Investing (in either property or stocks) is for the long term; you need to get comfortable with “shakey” markets as that’s just how it goes - overall you should come out on top but you need a strong nerve.

For that amount of money personally I think you could afford to do a bit of everything - so top up your pension to the max allowed this year; whack £20K in a S&S ISA (in something like the Vanguard Global all-cap); and then with the rest either buy property (not my choice) or open up a GIA and drip feed across into your ISA; maybe setting aside enough to get you down to the next LTV band for next time you remortgage as the rates are going to suck for a while.

You should definitely set aside enough cash/premium bonds for a decent emergency fund; and you could also Chuck some in a JISA for your DC to make the most of tax efficiencies.

You say you don’t like financial advisors but you can get ones that you pay for one-off advice rather than paying for an ongoing service. Just steer away from the likes of SJP.

plumduck · 06/02/2023 05:58

I do not trust advisors who charge stupid fees for basically just putting into tracker fund. I’m a low risk person If that helps.

Then find one who charges fees you are happy with. Its a much better option than trusting randomers who may or may not know what they are talking about.

Personally though I'd suggest remortgaging if you can and as you are low risk just keep it in NS&I bonds (tax free) and make no interest on it unless you win. Perhaps also buy a gold bar.

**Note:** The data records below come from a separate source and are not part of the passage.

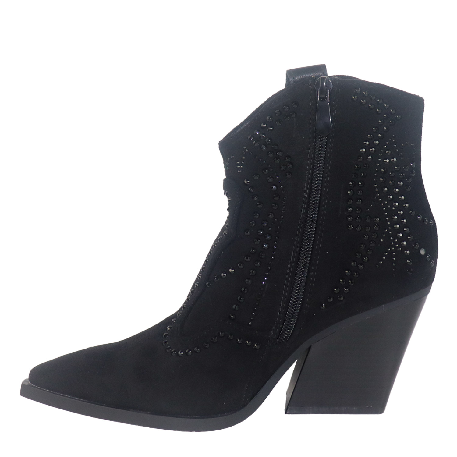 Koniarisshoes γυναικείο μποτάκι, σε μαύρο χρώμα, κατασκευασμένο από οικολογικό καστόρι. Ύψος τακουνιού 8εκ.
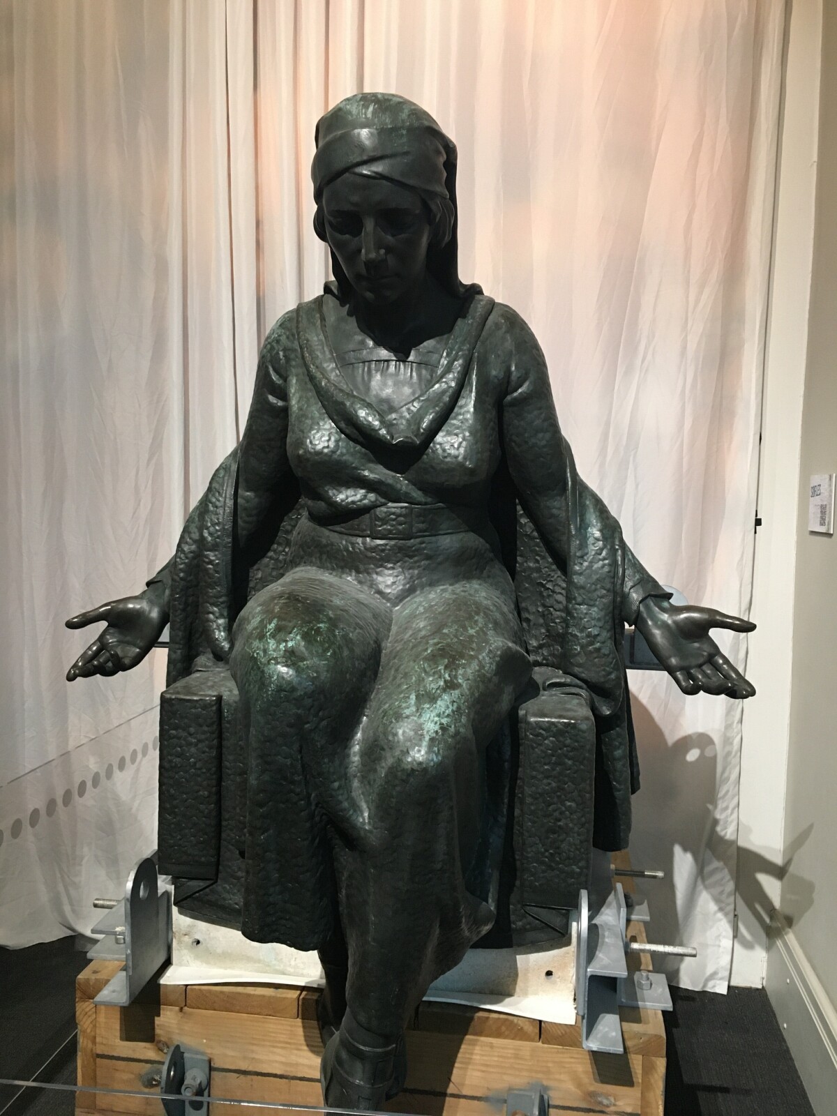 A figure that forms part of the citizens’ war memorial on display at Canterbury Museum after the memorial was removed for restoration and prior to being reinstated on new foundations in Cathedral Square. This figure represents the mothers of the Empire grieving for their sons.
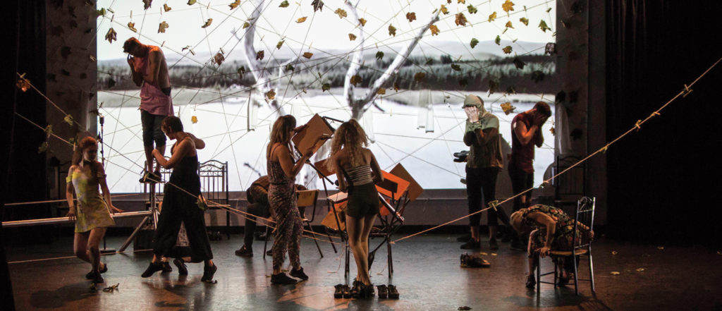 The inventive set, designed by Declan English, begins as a stack of chairs intertwined with cords from which hang autumn leaves. At the beginning, each performer frantically takes and rearranges the leaves while pre-recorded text of their online dating profiles points us toward the idea that this action represents their personal traits being rearranged as they search for love.
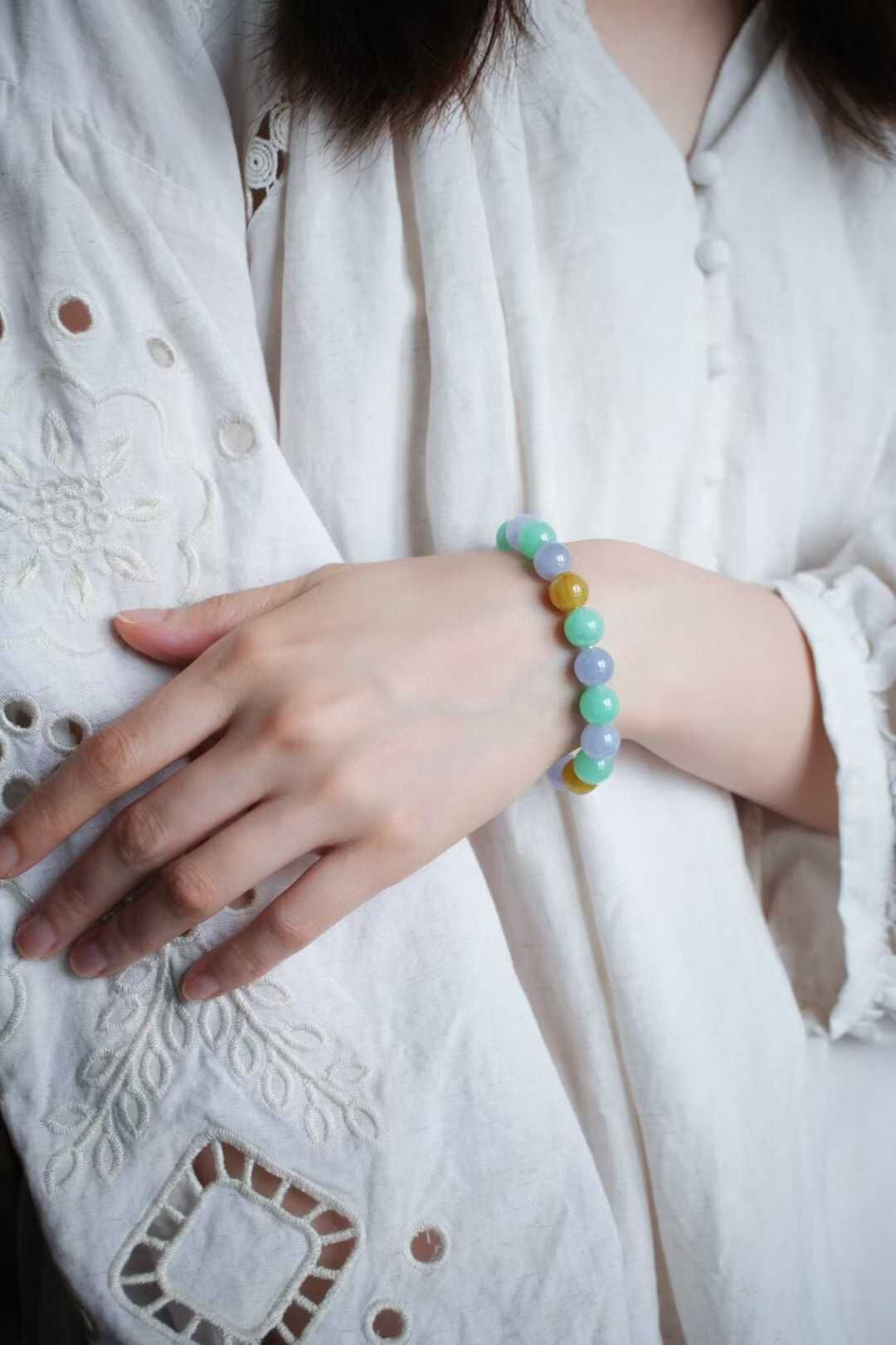 92387 翡翠冰三彩圓珠手鏈 (10mm直徑)

Rainbowqueeen · 06/02/2023 06:04

6 months worth of living expenses into a high interest account
top up your pension the maximum allowed and put aside enough to do the same next financial year
overpay your mortgage the maximum that you can without penalty
these are all the low risk options.

if you want to do shares then I recommend vanguard. They buy a range of shares so spread your risk and are low fee.
I would only buy property if you are happy to be a hands on investor ie landlord. Also bear in mind that if you need cash you can sell a few shares and keep the rest whereas with property you need to see the whole thing. Also one property is a higher risk than several shares

BarbaraofSeville · 06/02/2023 07:47

Assuming that a '1 bed flat in Zone 2/3' is a significant six figure sum, you're probably one of the few where it's worth talking to an IFA. Under around £100k or so, most people can just pay off (mortgage) debt, keep some in cash in various types (instant access, fixed, premium bonds etc) and fill up their S&S ISA allowance - you can deal with £40k of this by early April assuming you haven't already used this year's allowance.

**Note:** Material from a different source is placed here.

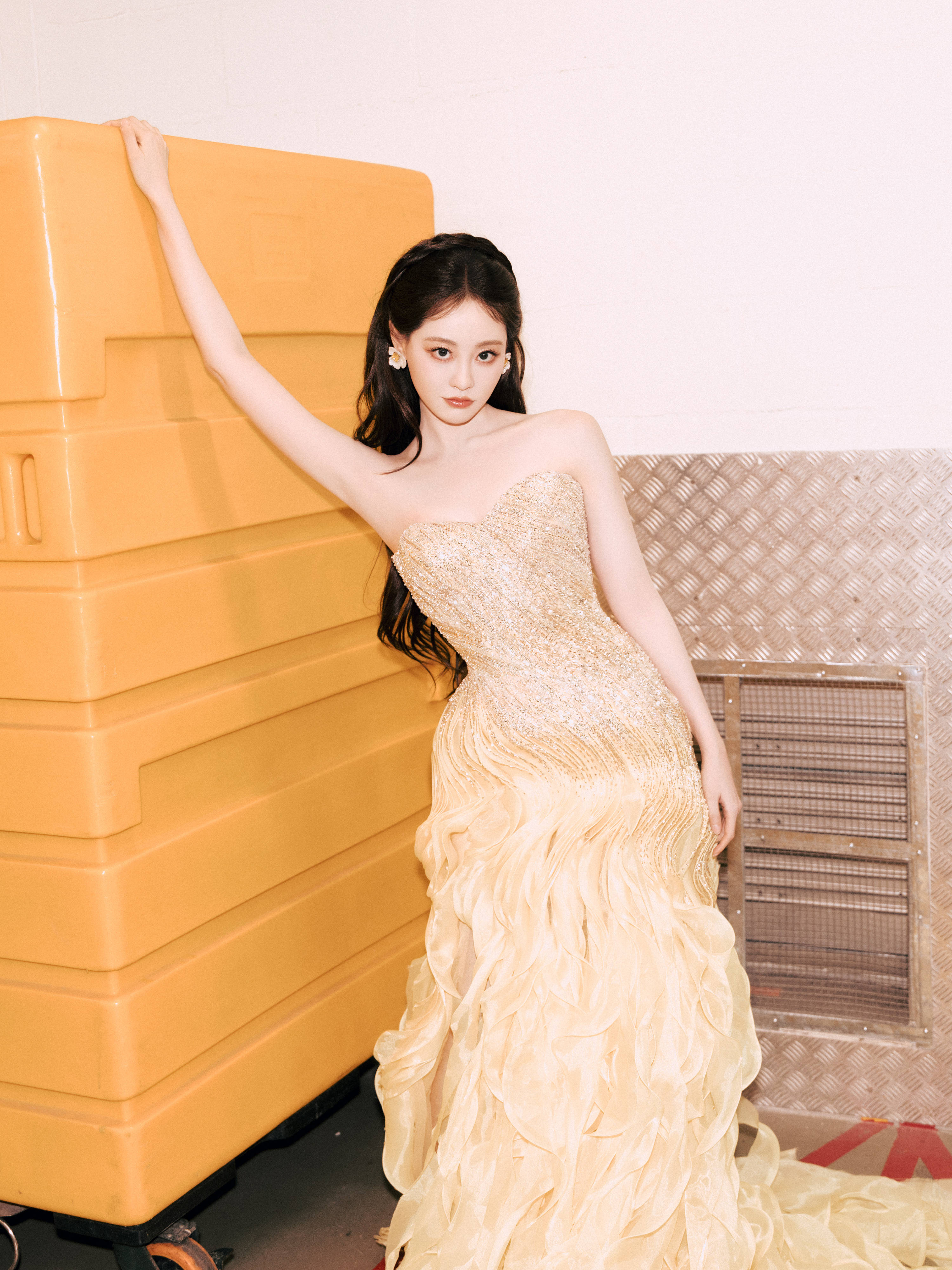 搜狐娱乐讯 11月16日,祝绪丹穿浅黄色公主裙现身时尚活动,照片里的她黑发红唇,对着镜头做出搞怪的表情。

For you, if you have a mortgage, then overpaying/paying off when any fix ends is likely to be a good low risk strategy. Likewise putting money you don't need before pension age into a SIPP, again within the allowances is likely to be worthwhile. Also, using up your S&S ISA allowance with Vanguard tracker funds as already mentioned. Obviously keep some cash for an emergency fund and any expected large purchases like new car, home improvements etc. Perhaps spend some of it on a treat like a big holiday to remember the relative by?

This financial flow chart will help you tick off possible actions

ukpersonal.finance/flowchart/

Also the Meaningful Money podcast. This is by an IFA who spends a lot of time telling people they don't need an IFA. He's also written a book and there's a lot of information on the website.

But if, after paying off your mortgage, using up your pension and ISA allowances, and keeping money for the short term, if you have money left, then you might want to talk to an IFA about what to do with the rest. Or you might want to just spend it, or give some to charity. Or start a business, or travel the world. It depends on your age and starting position.